DeepSeek V4 Is Here: Full Specs, Benchmarks, and API Guide (2026)
DeepSeek V4 is here. On April 24, 2026, DeepSeek officially launched preview versions of its newest flagship models — DeepSeek-V4-Pro and DeepSeek-V4-Flash — making the DeepSeek V4 family the most capable open-source AI models available today. With 1.6 trillion parameters, a 1-million-token context window, and benchmark scores that rival or beat GPT-5.4 and Claude Opus 4.6 on coding tasks, V4 delivers on a year of anticipation.
This guide covers everything developers need: confirmed specs, architecture innovations, benchmark results, API pricing, migration steps, and how to start using V4 today.
DeepSeek V4 Is Official — What Launched on April 24, 2026
DeepSeek released preview versions of V4-Pro and V4-Flash simultaneously on April 24, 2026 — exactly one year after the original DeepSeek release that upended the AI industry. Both models are available via the DeepSeek API and as open weights on Hugging Face.

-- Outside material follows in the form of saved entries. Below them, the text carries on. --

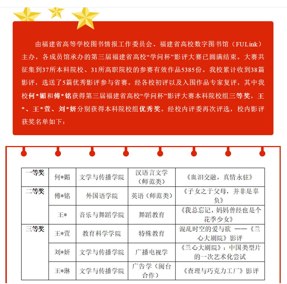 今年我们协助校图书馆顺利开展第三届福建省“学问杯”影评大赛。在明确比赛相关片目后,立即组织观影,在“英国威廉希尔公司官网图书馆”公众号上发布推文,并同步发布至协会QQ群进行活动推广,收集同学们的影评后核对相关信息。在影评比赛结束后,联系获奖同学并在公众号上公示获奖名单。
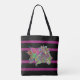 Colourful fuchsia glitter with black stripes and colourful flower design personalised tote bag.
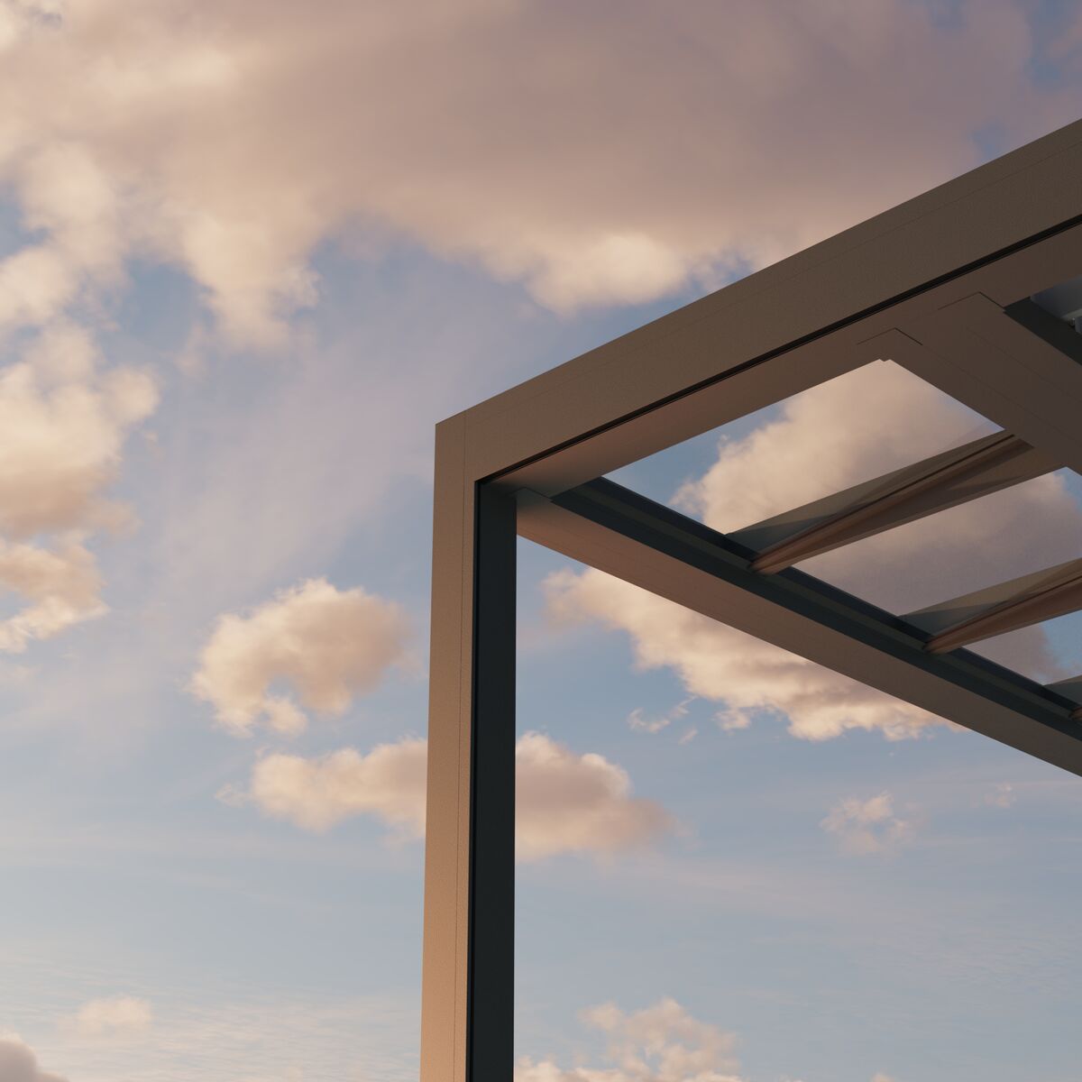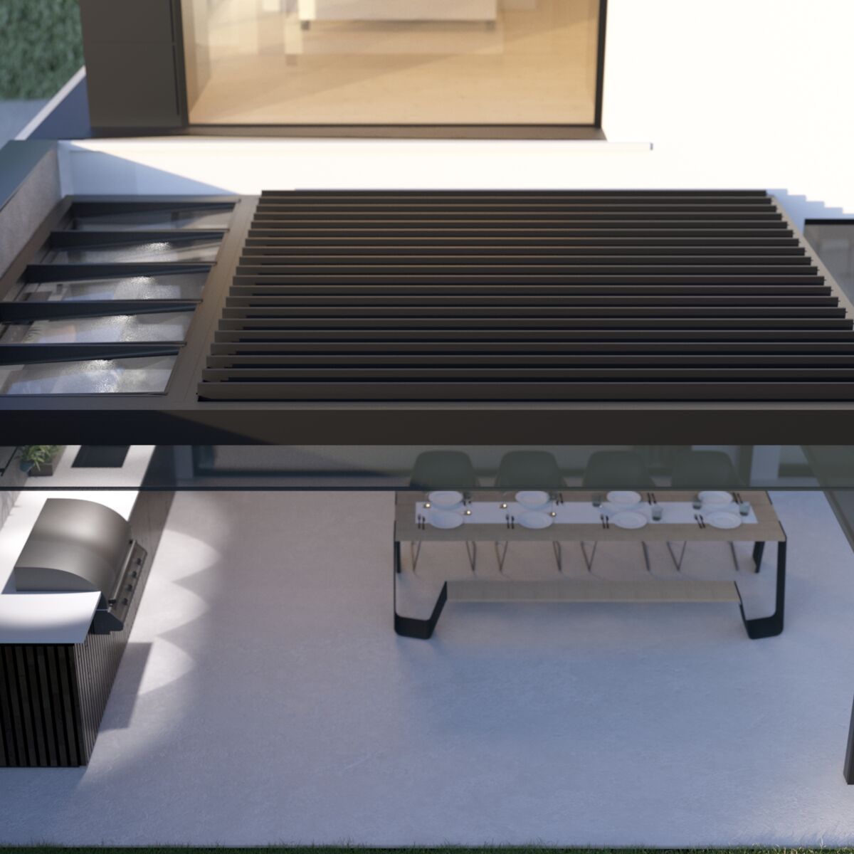De Brustor B720 is een unieke combinatie van een glazen dak en een lamellensysteem, waarbij beide elementen volledig naadloos in elkaar zijn geïntegreerd. Zo geniet je van een moderne glazen overkapping met de mogelijkheid om het licht en de zoninval volledig naar wens te regelen. De aluminium lamellen zijn kantelbaar én optioneel openschuifbaar, wat zorgt voor optimale flexibiliteit bij elk weertype.
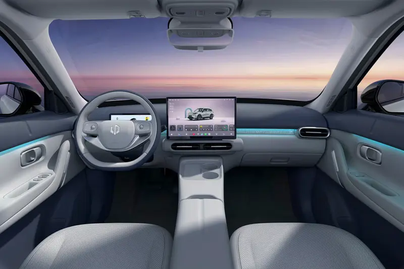 内饰方面,零跑A10采用了时下流行的简约化设计风格。零跑A10标配8.8英寸液晶仪表+14.6寸2.5K中控大屏,搭载SA8295座舱芯片+SA8650辅助驾驶芯片,AI“超级小零”接入通义千问语音大模型随时响应。其余配置方面,新车还搭载手机无线充电、前排双杯架,并采用怀挡设计。

The headline capabilities:
- 1 million token context window — send an entire codebase or document corpus in a single prompt
- MIT license — weights are open, downloadable, and fine-tunable without commercial restrictions
- Two tiers — V4-Pro for maximum capability, V4-Flash for cost-sensitive production workloads
- New architecture — Hybrid Attention (CSA + HCA) and Manifold-Constrained Hyper-Connections replace older design patterns
For more background on what changed versus the previous generation, see our full DeepSeek V4 vs DeepSeek V3.2 comparison.
V4-Pro vs V4-Flash: Model Specs Compared
| Spec | V4-Pro | V4-Flash |
|---|---|---|
| Total parameters | 1.6T | 284B |
| Active parameters per token | 49B | 13B |
| Architecture | MoE | MoE |
| Context window | 1M tokens | 1M tokens |
| Pre-training tokens | 33T | 32T |
| Precision | FP4 + FP8 mixed | FP4 + FP8 mixed |
| License | MIT | MIT |
| API model name | deepseek-v4-pro | deepseek-v4-flash |
V4-Pro — The Flagship
V4-Pro is the largest model DeepSeek has built. With 1.6 trillion total parameters and 49 billion activated per forward pass, it achieves GPT-5.4 parity on reasoning benchmarks and surpasses all known models on LiveCodeBench. Despite its scale, the MoE architecture ensures only a fraction of parameters fire per token — keeping inference costs manageable.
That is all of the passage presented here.